Available data: Begin

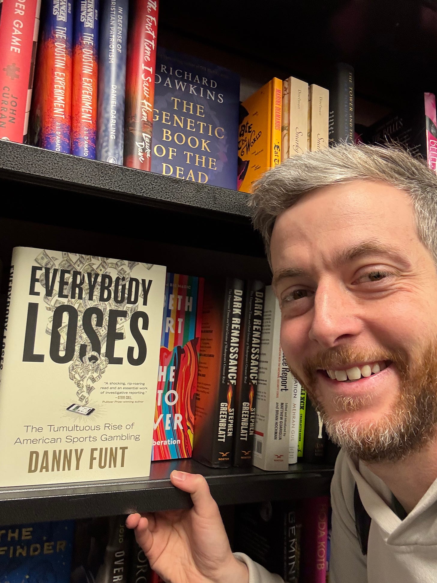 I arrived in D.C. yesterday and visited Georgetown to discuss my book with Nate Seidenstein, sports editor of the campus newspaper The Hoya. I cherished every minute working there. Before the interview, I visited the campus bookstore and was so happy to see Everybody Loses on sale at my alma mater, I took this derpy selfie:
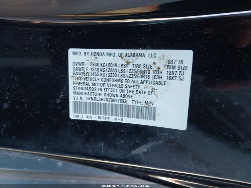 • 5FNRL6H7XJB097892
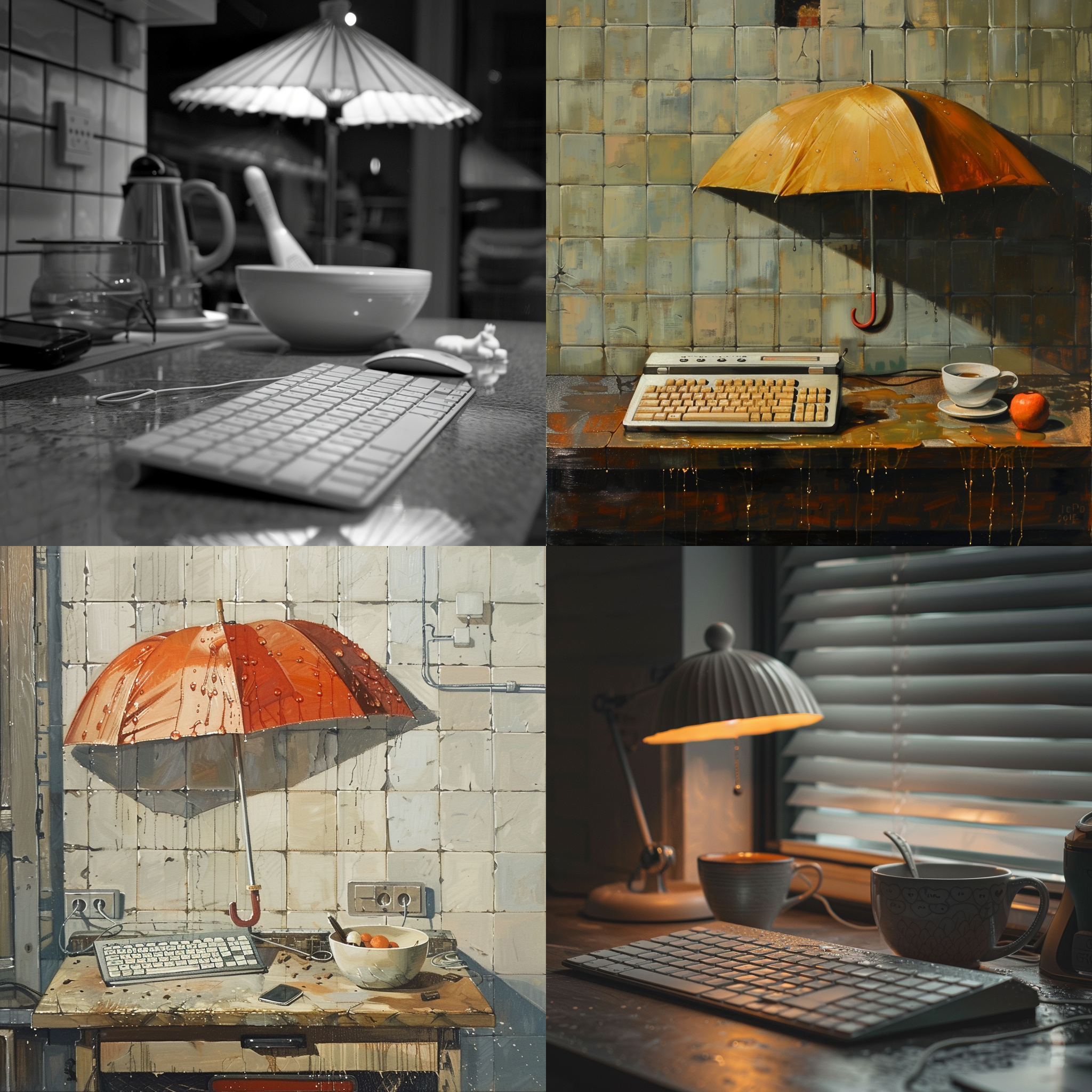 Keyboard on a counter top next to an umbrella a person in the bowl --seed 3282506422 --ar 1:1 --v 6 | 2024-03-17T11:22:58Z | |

Available data: End

**Problem description**
The answer must be the listing above, restated word for word, with no images in it.

**Reply to the exercise**
 I arrived in D.C. yesterday and visited Georgetown to discuss my book with Nate Seidenstein, sports editor of the campus newspaper The Hoya. I cherished every minute working there. Before the interview, I visited the campus bookstore and was so happy to see Everybody Loses on sale at my alma mater, I took this derpy selfie:
 • 5FNRL6H7XJB097892
 Keyboard on a counter top next to an umbrella a person in the bowl --seed 3282506422 --ar 1:1 --v 6 | 2024-03-17T11:22:58Z | |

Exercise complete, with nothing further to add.